RE:Miners ticking down year after yearThe lag on equities is frustrating for sure. However...
1. Miners profits were not what was expected in the past several years - due to inflationary costs (e.g price of oil), political issues, etc. (I would argue that EDV has faired better than most). Increased gold prices have, in many cases, only covered inflationary costs making profits flat.
2. M&A activity at large premiums, has been subdued (holding back valuations on gold equities).
3. Gold equities have been out of favour for coming up to 8 years. Cheap money went into technology stocks. PoG must go first, followed by miners. Big increases will finally get gold equity investor attention. Gold has been out of favour with the masses (especially in NA, where a lot of the $ are still).
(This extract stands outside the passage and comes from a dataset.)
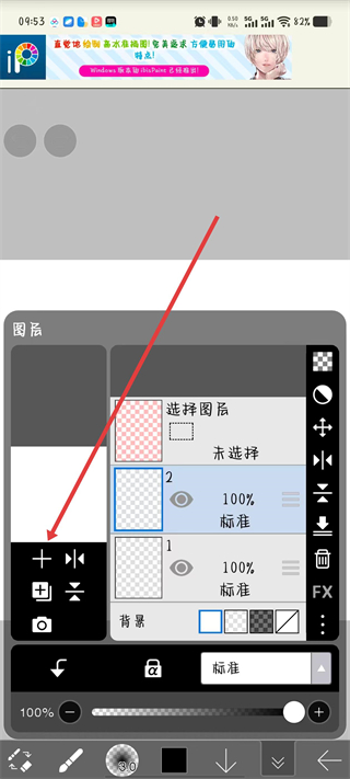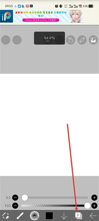 2、在绘画界面底部,点击图层图标,打开图层管理面板。

As Rick Rule says gold = .5% of all invested capital, down from a historicla ave. rate of 1.5 - 2%.
The anecdote to the above 3 factors:
1. If the PoG rises a few hundred $, profits will be explode higher, despite inflaion and real and perceived risks. Price trails earnings & CF. SP for gold equities reflects earnings more than PoG. The next say 10% increase in the PoG, will double, quadruple, 10X, (more?) the bottom lines of well run companies. Increased profitabilty due to lower oil prices are slowly being factored in as well, qtr after qtr.
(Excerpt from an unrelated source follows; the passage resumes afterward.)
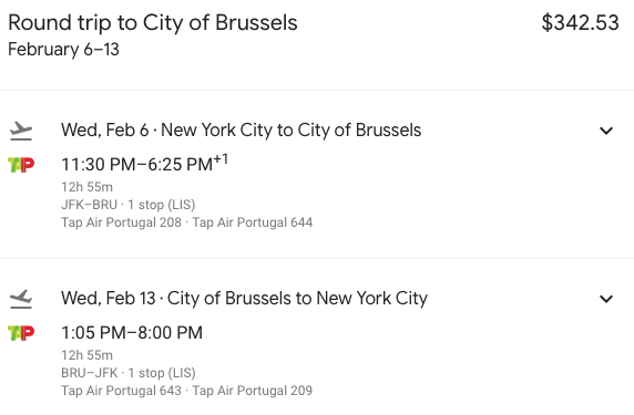 New York (JFK) to Brussels (BRU) for $343 round-trip on TAP Portugal via Priceline:

2. M&A activity will pick up and mid-tier and near producers will garner large premiums again - with higher PoG. Cheaper to acquire than explore and build out mines.
3. The investing public (Joe six-pack) is slowly waking up to currency debasement through excess money printing by CB's and the resultant inflation. Once the masses realize that Gold is one of the few (and best?) ways to preserve purchasing power, there will be a flood of money into gold first, then gold miners (and explorers).